Rather than using an electron gun, an SED display sends electrical charges through a series of electrode pairs, the gaps between which are only a few nanometers in length. When a charge of 10 volts is applied to one electrode, the charge is provoked to jump the "nanogap," if you will, from one electron in the pair to the other.
Not all the electrons make the jump, so some of the few that get scattered will strike the phosphor plate, the resulting collision thus producing photons.
Gone is the massive electron deflection system that characterizes the standard CRT, which is what requires all that space. A console using an SED array has a width competitive with the best LCD displays on the market today: about three inches thick.

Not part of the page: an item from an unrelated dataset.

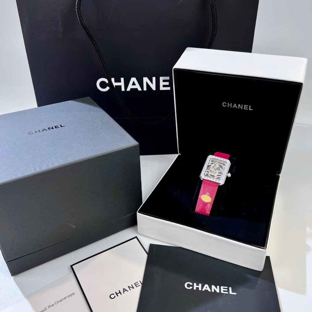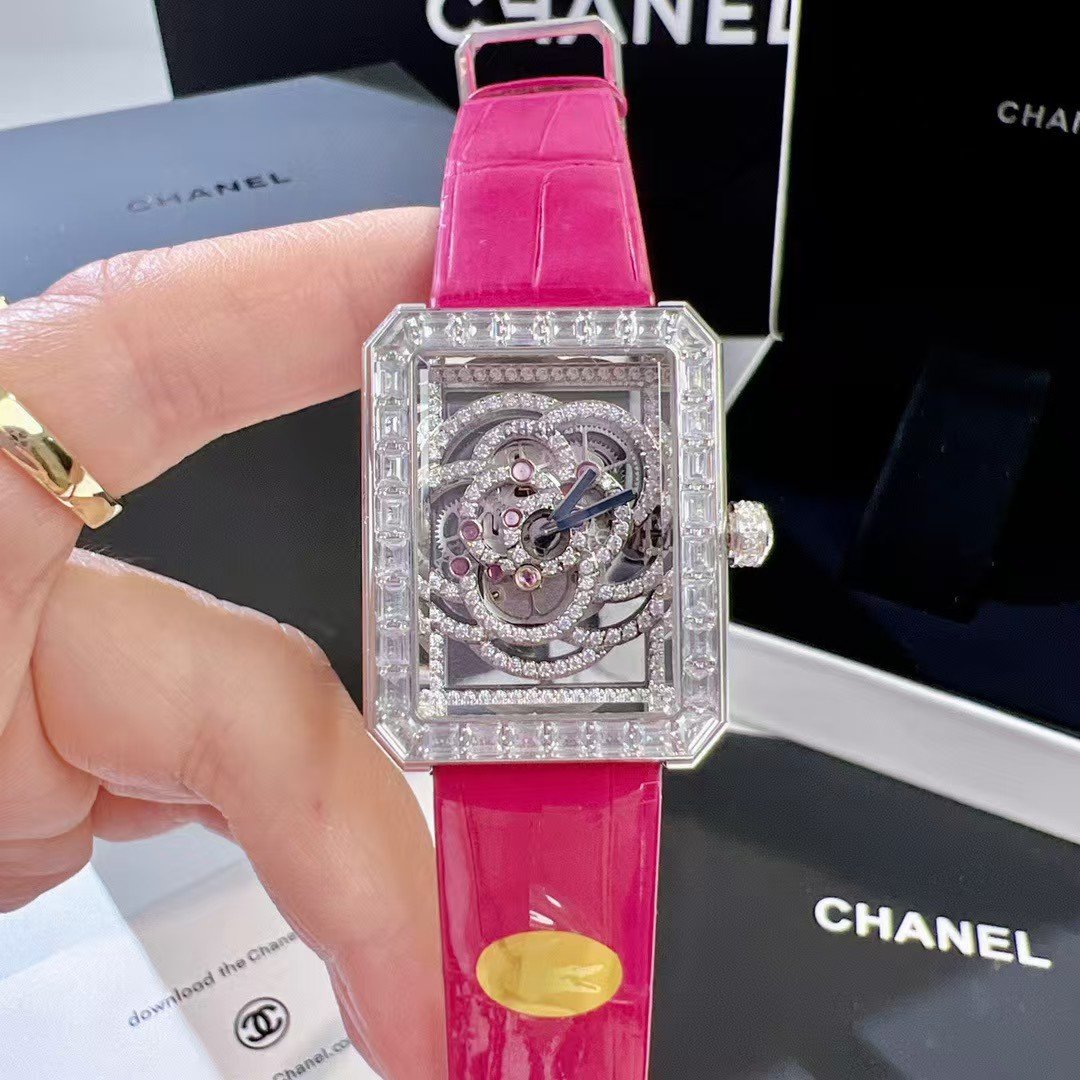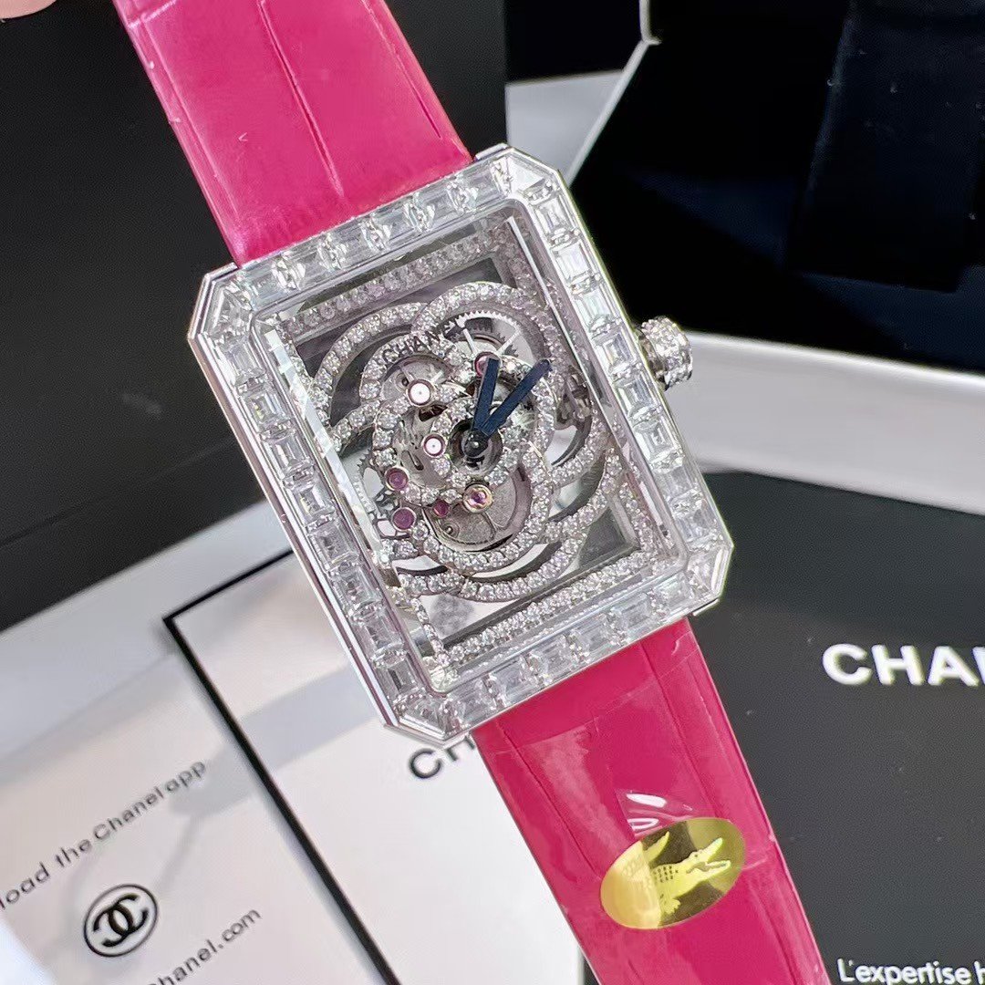 chanel première camélia skeleton series of watches, fully integrated into the design elements, angular, minimalist design, simple and powerful lines without unnecessary modifications, but without losing the atmosphere more fearless female unisex beauty carved their own. Flexibility and rigidity is the label of the new era of women, they need to balance work and life, but also to maintain a taste for women should keep the posture. Even as the years go by, they are still beautiful. Whether in fashion or jewelry, the camellia is everywhere in Chanel’s world. Like this geometric flower, its purity is unparalleled, symbolizing passion and romanticism, and refreshing her thoughts of true love. Strap between steel ceramic, using zirconia ceramic, is ceramic in the strength and toughness, comprehensive best material, known as ‘ceramic steel’. size 26*34*9mm.

Canon is not known as a display provider, so even with an intriguing new technology that could be cost-competitive and energy efficient, it could still take a miracle for it to crack the TV and display market. Technology partner Toshiba will be of some help, although certainly not Canon's automatic ticket to success.
In worldwide unit shipment figures released just last week by analyst firm iSuppli, Toshiba was the #7 supplier of LCD TVs for the second quarter of 2006, with only 3.4% market share, with Sharp (14.5%) having just eclipsed Samsung (14.2%) as #1. This as the market for LCD TVs alone rose a colossal 119% over Q2 2005.

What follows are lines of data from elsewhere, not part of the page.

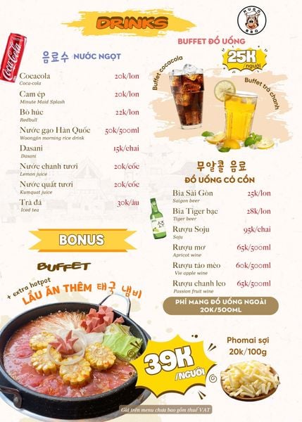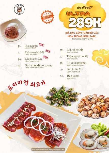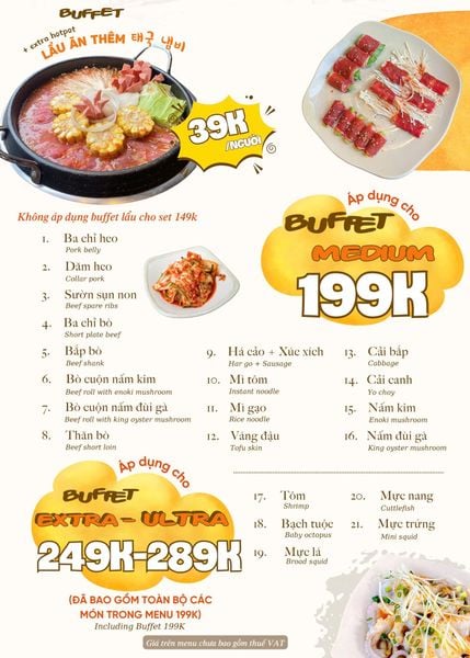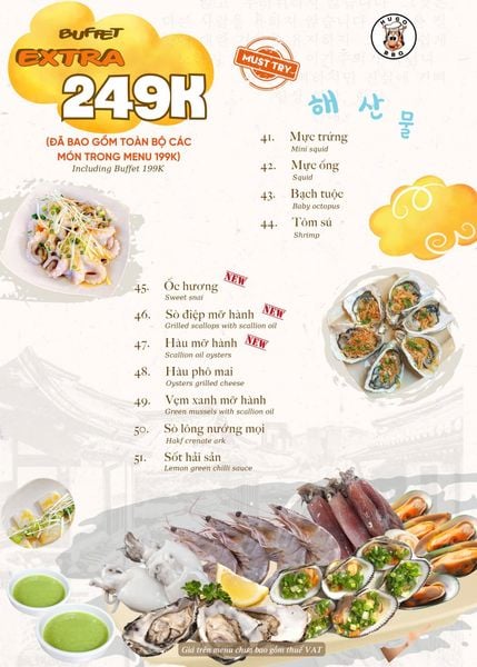 Giá menu chưa bao gồm VAT. Nhà hàng luôn thu VAT.
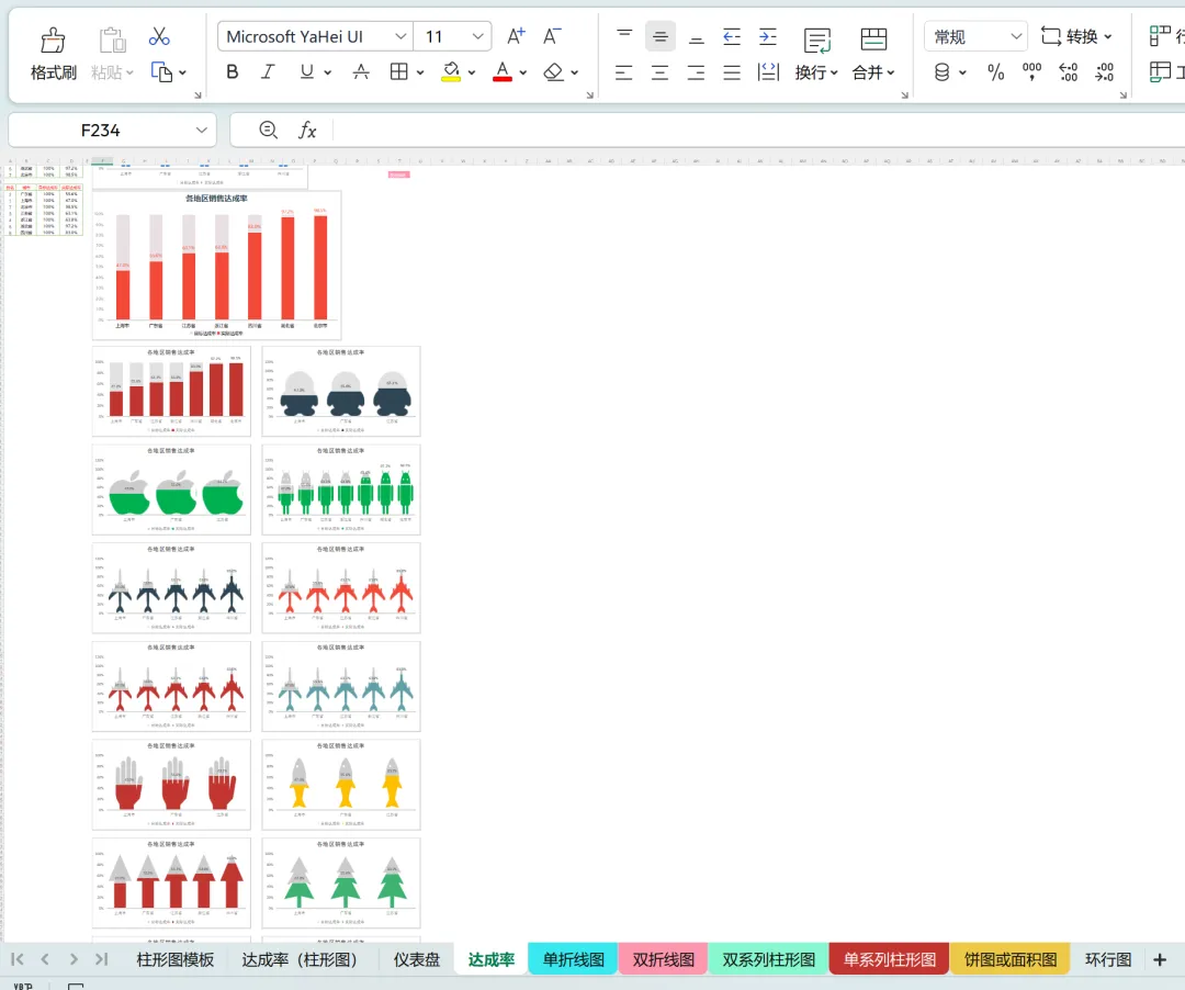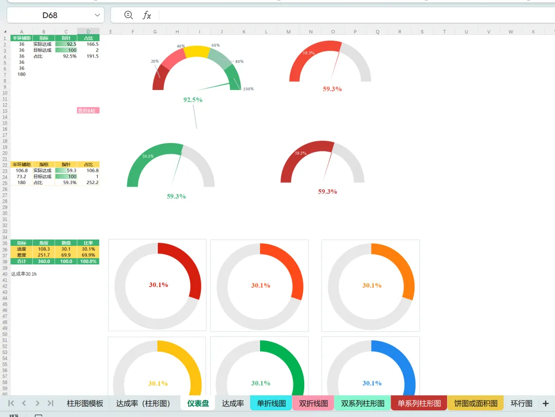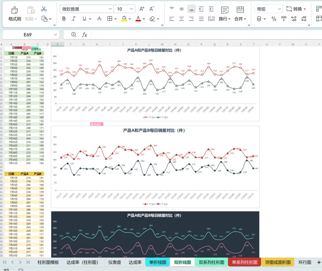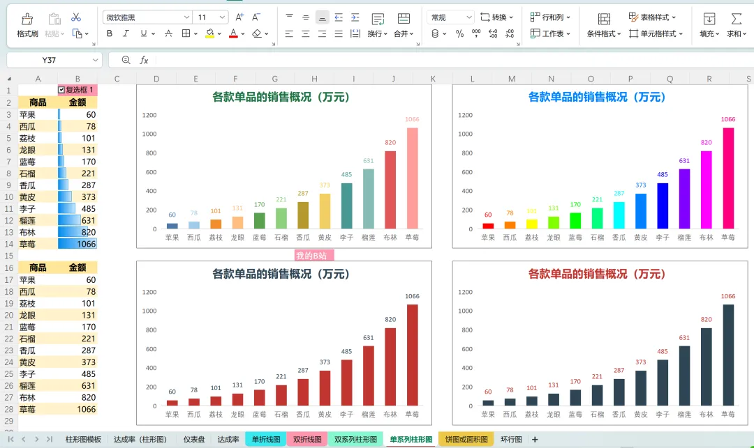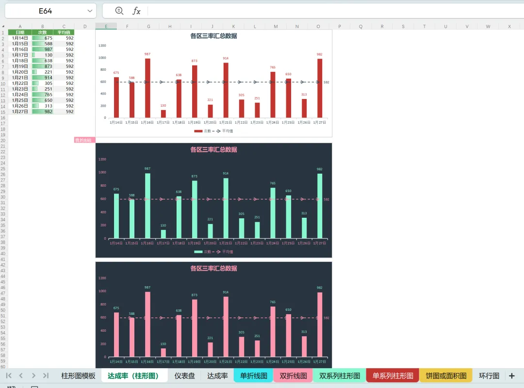 Excel图表教程 | 同时展示分类达成和总目标
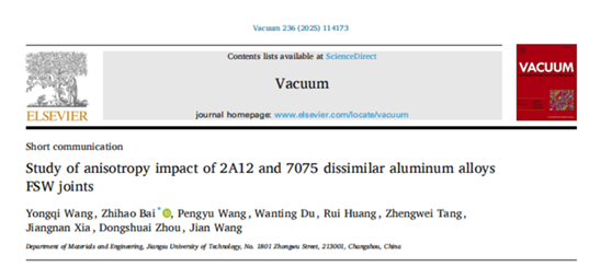 参考格式:Wang Y, Bai Z, Wang P, et al. Study of anisotropy impact of 2A12 and 7075 dissimilar aluminum alloys FSW joints[J]. Vacuum, 2025, 236: 114173.
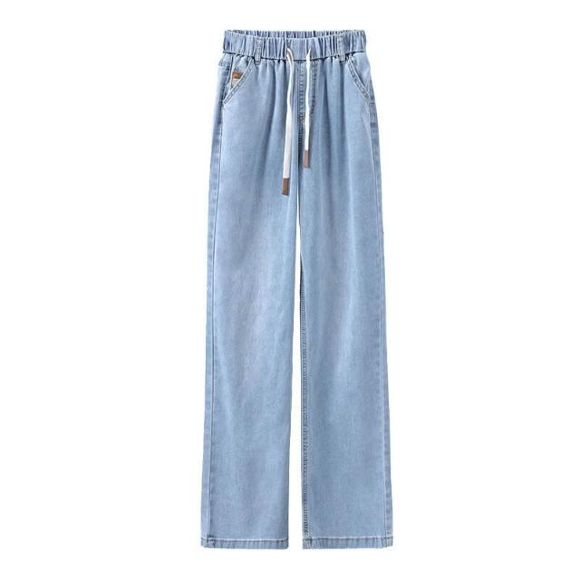 新品 含發票 春秋款上新闊腿直筒褲女裝牛仔長褲松緊腰彈力修身潮流淺色牛仔褲

Demos of SED technology by Toshiba and Canon during last January's CES in Las Vegas were greeted with very warm reviews across the board. But with LCD prices falling, and the prospects for mainstream plasma TVs starting to be written off by some analysts, the key variable in SED's success will be price.
The CRT market is essentially dying, as leading Asian suppliers produce in high quantities mainly for emerging markets. So even while SED may provide crystal-clear images with impossibly high contract ratio (100,000 : 1) and low power consumption (half that of similarly sized LCDs), the new technology will face an entrenched standard. In turn, it may take more than two co-operative manufacturers to make a dent in this market.